> [Collected material]
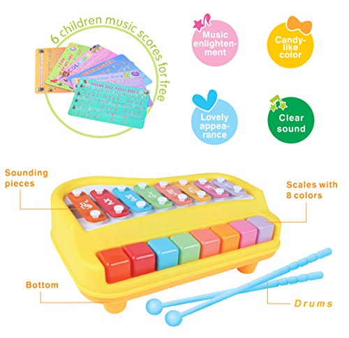 Comes with 6 Sheets of Nursery Rhymes and 2 Tapping Drums
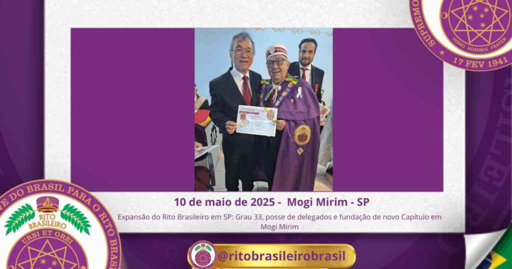 No dia 10 de maio de 2025, a cidade de Mogi Mirim-SP foi palco de importantes avanços para o Rito Brasileiro, com a realização das Sessões Magnas de Reconhecimento ao Grau 33, Posse dos Delegados Litúrgicos, Regularização do Ilustre e Sublime Capítulo Humanismo – nº 121 e Colação do Grau 4 – Mestre da Discrição.
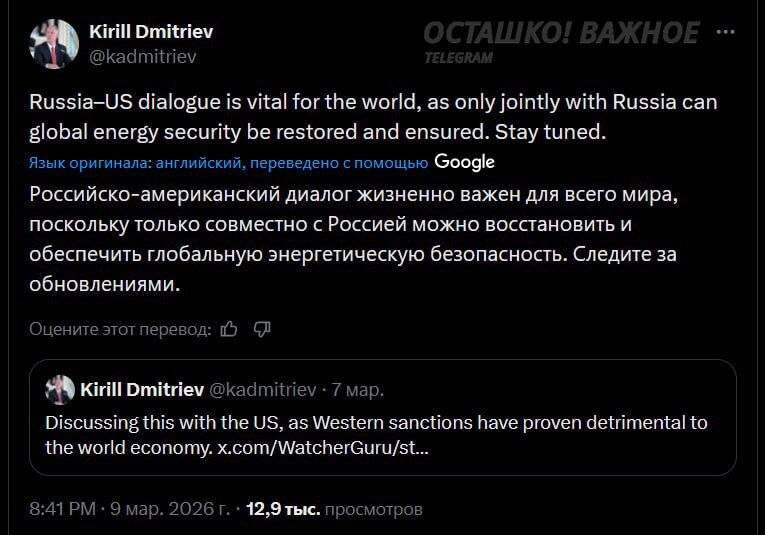 “Đối thoại Nga-Mỹ rất quan trọng đối với toàn thế giới, bởi vì chỉ có cùng với Nga, chúng ta mới có thể khôi phục và đảm bảo an ninh năng lượng toàn cầu. Hãy theo dõi tin tức.”
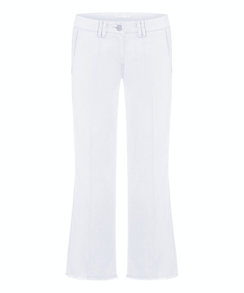 Flared broek van Cambio met twee steekzakken, twee opgestikte achterzakken, knoop- en ritssluiting en gerafelde pijpen.

> [How to complete this task] Text only, please: give the listing again word for word with no images.

> [Task result]
 Comes with 6 Sheets of Nursery Rhymes and 2 Tapping Drums
 No dia 10 de maio de 2025, a cidade de Mogi Mirim-SP foi palco de importantes avanços para o Rito Brasileiro, com a realização das Sessões Magnas de Reconhecimento ao Grau 33, Posse dos Delegados Litúrgicos, Regularização do Ilustre e Sublime Capítulo Humanismo – nº 121 e Colação do Grau 4 – Mestre da Discrição.
 “Đối thoại Nga-Mỹ rất quan trọng đối với toàn thế giới, bởi vì chỉ có cùng với Nga, chúng ta mới có thể khôi phục và đảm bảo an ninh năng lượng toàn cầu. Hãy theo dõi tin tức.”
 Flared broek van Cambio met twee steekzakken, twee opgestikte achterzakken, knoop- en ritssluiting en gerafelde pijpen.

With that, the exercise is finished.